SAP Cryptographie in the Iot


Cyptography – Security in IoT is not an option


The world of IoT is new and carries extreme traits of experimentation, anarchy and the promise of a lot of money. Companies see the money that can be earned with this amount of data, and hackers see it too. The example of the Jeep hack at Blackhat 2015, where an American researcher hacked a jeep at full speed as a hack, showed the consequences. The (admittedly very academic) gap the researcher uncovered had arisen due to design negligence. You could switch from the Bluetooth network of the car radio to the CAN bus network. The promised separation of control network and entertainment network had not been implemented for cost reasons. The image damage of a jeep blocking at full speed was certainly many times higher than the cost of profound network planning and encryption.

Big Data and Jurisdiction This also applies to the Big Data projects of SAP, to which HANA IoT naturally belongs. Wherever large amounts of data are collected and aggregated, on the one hand desires arise, on the other hand there are also large legal problem areas. What is the protection of personal data in Germany is the panic of losing credit card data in the USA. Because in the US, this can only be really expensive for affected companies.

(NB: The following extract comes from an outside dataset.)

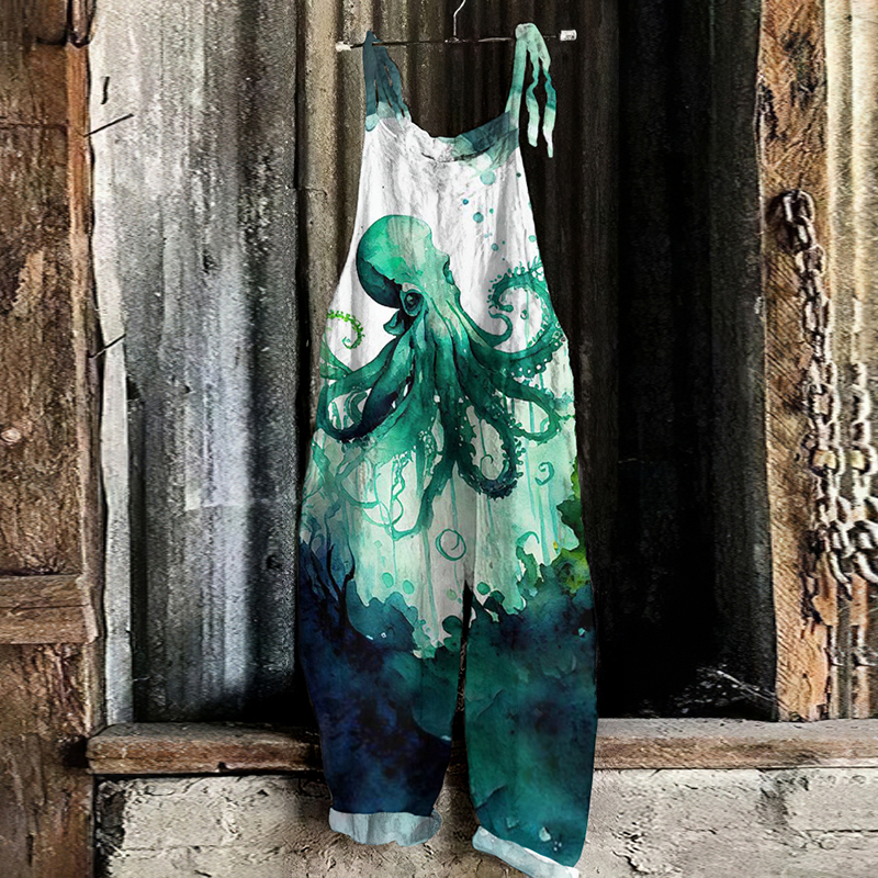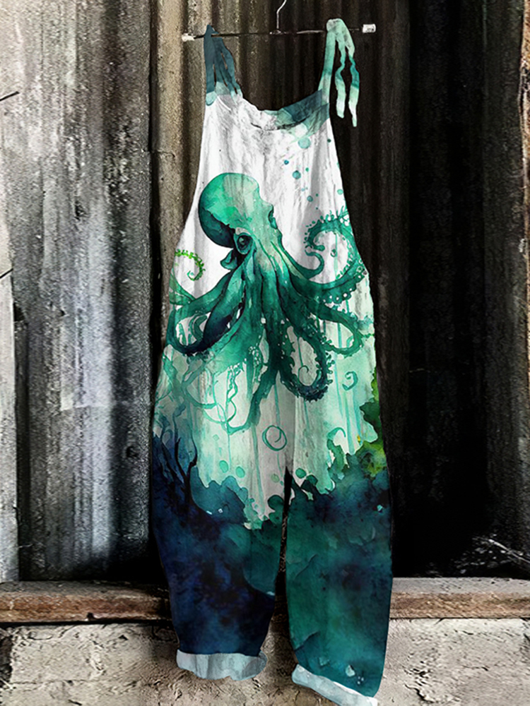Casual Octopus Watercolor Art Print Loose Jumpsuit

Cryptography – Key to the Internet of Things

Security and encryptopn in SAP Leonardo and the industrial Internet of Things

Primarily, the topics of the Internet of Things (IoT) security are first of all technical, about cryptography, assemblies and manufacturing technology. But at the latest, when this data is collected centrally, when all of this data becomes a vast ocean of data in a company's server farms, the source of the information becomes part of enterprise security. With the new SAP Leonardo architecture, the ERP software makes it possible to use huge amounts of data from the "Internet of Things" for corporate IT. SAP Leonardo integrates millions of Internet-based sensors and brings this information directly to the customer's own SAP system.

Classic SAP Attack Vectors

As you can see from the basic architecture of an SAP IoT landscape, the superficial attack vectors are the areas that are also classically known: wireless networks, public networks, accessible hardware, and the data in the HANA database.

A prominent example from the recent past can clarify this: Google has bought NEST, a manufacturer of fire detectors. This is actually a triviality, if not a peculiarity. The fire detectors are additionally equipped with infrared sensors that can register movement and people. And they can not only communicate with each other via WiFi, but also with a central server. For example with a central fire protection service. If this data goes over the wire, may still be transported unencrypted over WiFi routes, then the company that collects this data has a legal problem. And if this data is massively collected in a central location, such as an SAP HANA IoT, then the accumulation alone creates a new problem topic. On the one hand, such a collection is not permitted in European jurisdiction. On the other hand, the handling of personal data (in the EU) is punishable because the data are handled negligently if they are not adequately anonymised and secured.

A simple problem of an IoT device escalates

For example, the technical problem of a sensor at the end of the digital value chain becomes a veritable legal problem, because no one has considered technical and formal safety at any point.

Security Risk of Big Data in SAP Leonardo and IoT

If this ocean of data, this "data lake" ends as a precursor, for example, in a big data SAP HANA architecture, then that too is a problem of the SAP area. Therefore, the following technical and organizational remarks should also be seen as subproblems of an SAP security scenario. Without a level of security already implemented in the basics protects (as in the case of the hacked Chrysler Jeep) the careless handling of these topics for an expensive late awakening.

Key to secure communication

The key to secure communication is cryptography, which is the foundation of any IoT architecture , including the encryption of hardware, programs, and communications, as well as data

Cryptography and Peer Review

Let's discuss a planned architecture together, how cryptography can be applied on all levels. But even if your company has a corresponding group, a so-called external "peer review" is essential, in which one group describes encryption and the other group tries to break it. Encryption is effectively sharpened in this interactive circle.